1

I'm coming from software land, and trying to find out how to code sequential algorithm in VHDL. From the text book, it says that the statements inside a process are executed sequentially. But I realized it's only true when it comes to variable, rather than signals. Re signals inside a process,, they get updated at the end of process, and the evaluation is using right operand's previous value. So for my understanding, it's still concurrent. For performance purpose, I cannot always use variables for complex computation.

  1. But how to use signals to present sequential algorithm? My initial thoughts are using FSM. Is that true? Is FSM the only way to properly code sequential algorithm in VHDL?
  2. If I'm right that the signals statements within a process is kind of concurrent, then what's the difference between this and the signal concurrent assignment in the architecture level? Does the process's sequential nature only apply to variable assignment?
Cœur
  • 37,241
  • 25
  • 195
  • 267
user2035335
  • 11
  • 1
  • 2
  • It's not clear whether you are talking about a sequential algorithm, (executing in a single cycle) or sequential execution of an algorithm, taking several cycles. –  Feb 02 '13 at 21:38
  • Thanks Brian. To be clear, the sequential algorithm here I mean sequential execution of an algorithm taking several clock cycles. – user2035335 Feb 02 '13 at 22:07
  • Can you comment what the goal of your computation is? Are you trying to use VHDL as a programming language or are you trying to describe hardware? – BennyBarns Feb 04 '13 at 08:57
  • Thank you for your reply. There is no particular algorithm in mind, I just mean any sequential computation which needs several clock cycles to run in large. And I do want to describe the behavior, but maybe disappoint you that I don't want to describe the hardware. But can we make the conversation a bit more efficient by jumping onto the point directly (maybe I'm too impatient)? – user2035335 Feb 04 '13 at 13:55

2 Answers2

5

As you are trying to execute steps of an algorithm in different cycles, you have realised that the "sequential" constructs within a process do not, by themselves, do this - and in fact, variables do not help.

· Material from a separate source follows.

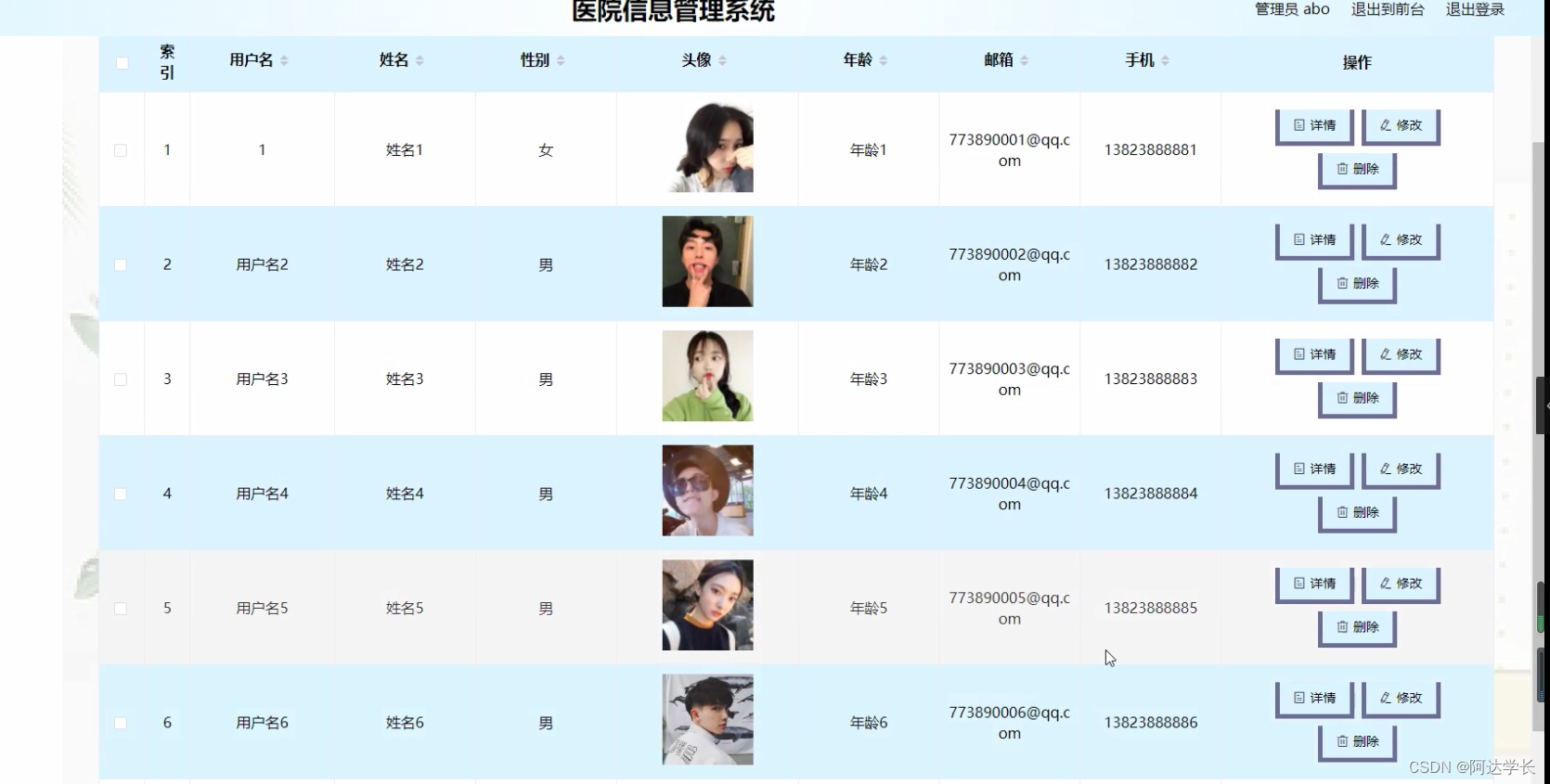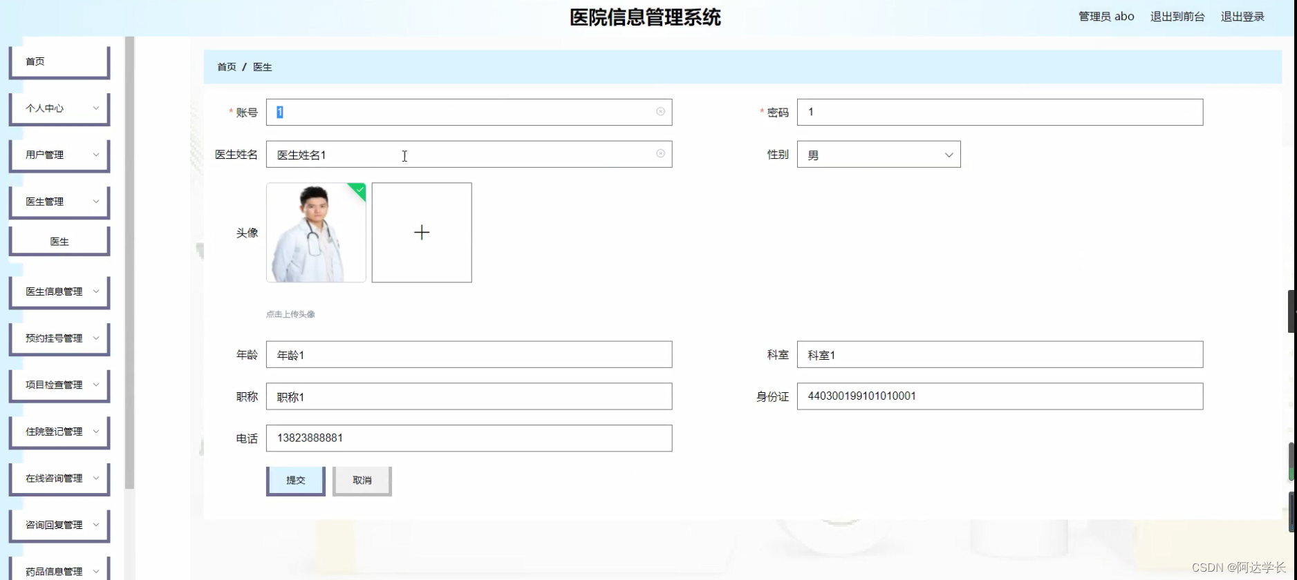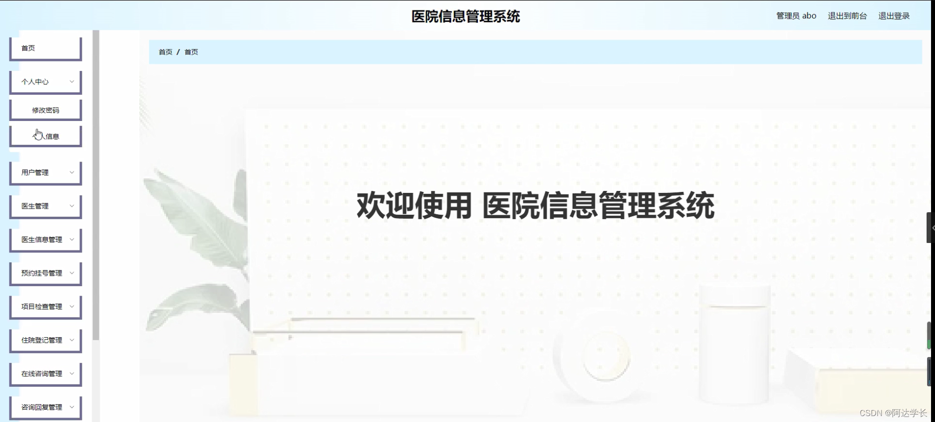 springboot毕设项目医院信息管理系统7ui9s(java+VUE+Mybatis+Maven+Mysql)

A sequential program - unless it uses explicit "wait for some_event" e.g. wait for rising_edge(clk) - will be unrolled and execute in a single clock cycle.

As you have probably discovered using variables, this may be rather a long clock cycle.

There are three main ways of sequentialising execution in VHDL, with different purposes.

Let's try them to implement a linear interpolation between a and b,

a, b, c, x : unsigned(15 downto 0);
x <= ((a * (65536 - c)) + (b * c)) / 65536;

(1) is the classic state machine; the best form being the single process SM. Here the computation is broken down into several cycles which ensure that at most one multiply is in progress at a time (multipliers are expensive!) but C1 is computed in parallel (addition/subtraction is cheap!). It could safely be re-written with variables instead of signals for the intermediate results.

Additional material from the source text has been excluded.